コーポレート・ガバナンスの観点では、社外取締役の導入も進められています。しっかりした外部の視点を取り入れることが重要だとされていますが、この点についてはいかがですか。

山口:基本的には、内部の人間だけで完全に不正の芽を摘み取ることは非常に難しい。社長は公表したがらなかったけど、外部の人間が直言したことで最終的に公表に至った事例はいくつも知っていますし、社外の目は間違いなく必要です。

 私が企業の経営者の方々に強く訴えたいのは、「残念ながら、御社でも不祥事は起きる」ということです。どれだけ平穏無事に事業をしてきた企業でも、いつか不祥事は起きる可能性がある。どのような不祥事が起きる可能性があるのか、また、実際に起きた時にどれだけ早くアラートが経営陣に伝わるのか。それをしっかりと考え、準備しておくことが必要です。

 組織というのは、いくら真面目な人が集まっていても、悪いと知りつつ不正が起きてしまうもの。さらにいえば、不祥事というのは1つの会社だけで完結するのではなく、取引先、最終消費者など様々なステークホルダー(利害関係者)に関わってくる。そのことを、経営者の方々は胸に刻んでほしいですね。

山口さんは内部通報制度の専門家でもいらっしゃいますが、制度の整備による変化は起きているのでしょうか。

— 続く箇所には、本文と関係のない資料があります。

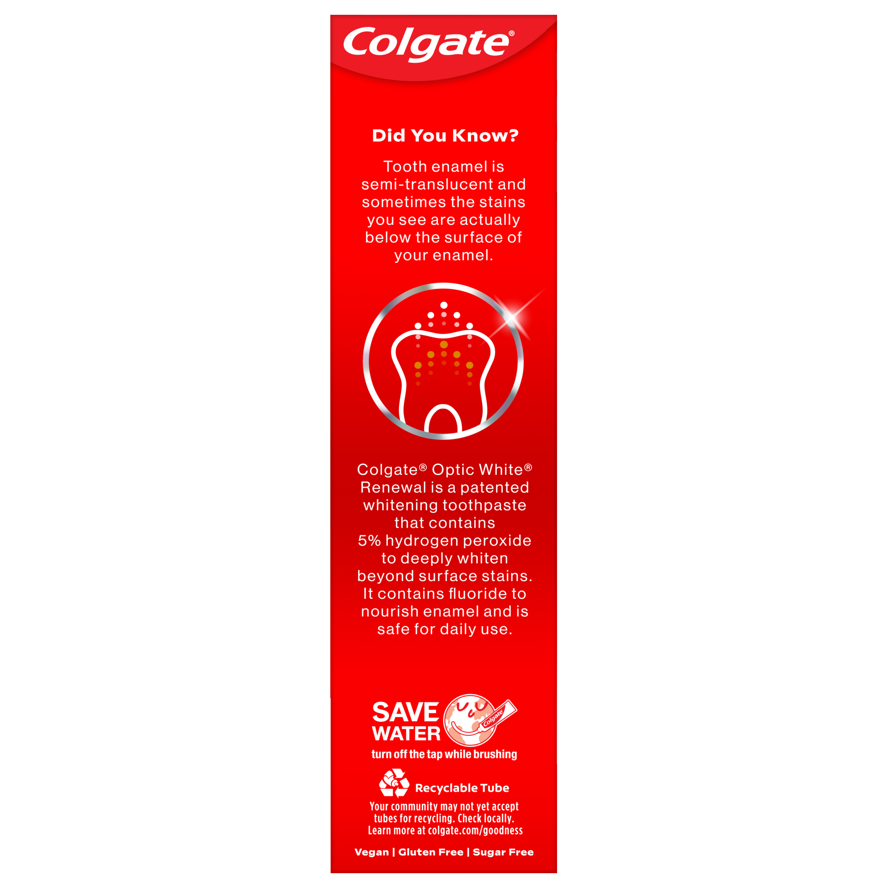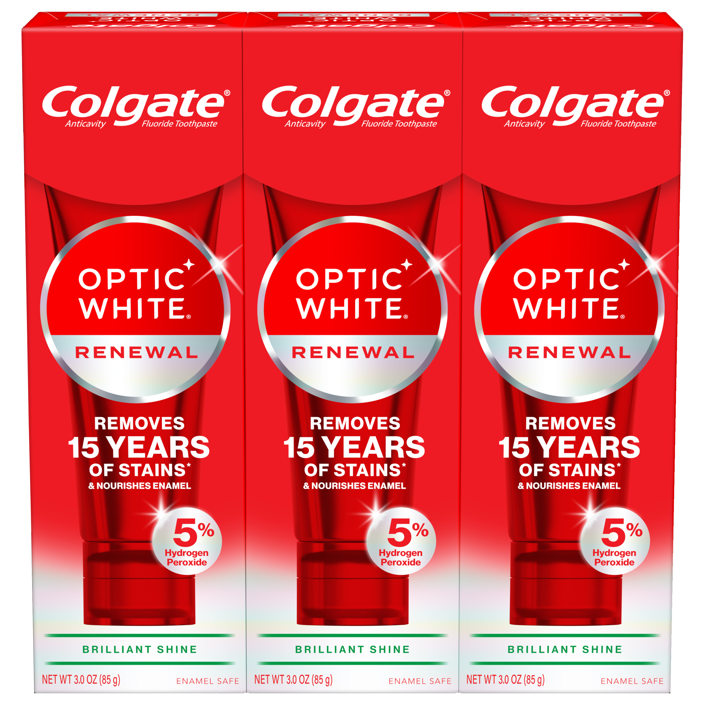 | Product Description | Welcome a brilliantly white smile with the Colgate Optic White Renewal Teeth Whitening Toothpaste. This 3 pack of whitening fluoride toothpaste removes 15 years of stains* and effectively removes tea, coffee, and wine stains. The patented whitening toothpaste contains 5% hydrogen peroxide to deeply whiten beyond surface stains to help you achieve a white smile. Colgate Optic White Renewal Brilliant Shine Toothpaste is a whitening toothpaste that contains fluoride to nourish enamel and is enamel-safe for daily use. This teeth whitening toothpaste is also an anticavity fluoride toothpaste to help prevent cavities. Deeply whiten beyond surface stains with the Colgate Optic White Renewal Toothpaste. Reveal a confident smile with the Colgate Optic White Renewal Teeth Whitening Toothpaste. Use this powerful whitening toothpaste to nourish your enamel and deeply whiten teeth. Colgate Optic White Renewal Brilliant Shine Toothpaste is a mint toothpaste that is gluten free, sugar free, and vegan. Unlock a white smile with the Colgate Optic White Renewal Teeth Whitening Toothpaste.

山口:消費者庁から出されている民間事業者向けのガイドラインもあり、内部通報制度を活用する企業は確かに増えています。私自身も内部通報者の支援に取り組んでいますが、昔に比べて、内部通報が社員や従業員の方々にとって、身近なものになっています。また、単に制度が認知されてきたということだけでなく、内部通報そのものの性質も変わっています。

「共同通報」で監督官庁に告発

それは、どういうことなのですか。

山口:皆さん、内部通報というと、企業の大きな問題を知った責任感や精神力の強い社員が、たとえ孤立したり不利益を受けたりしても、自分の信念を曲げずに告発して戦うというイメージがないでしょうか?

ドラマなどでは、よく見られる光景ですよね。

山口:そうですよね(笑)。ただ実際には、今は社員がある程度の集団になって、みんなで「共同通報」に踏み切るというケースが増えています。問題自体は皆で共有しているし、悪いことだと分かっている。通報制度があることも知っている。だから、監督官庁に問題を告発する場合などにも、代表者の名前は一人でも、その後ろに社内の支援者が何人もいるという事例は多いんです。これは、制度自体の認知というだけでなく、活用の仕方が変わってきているということです。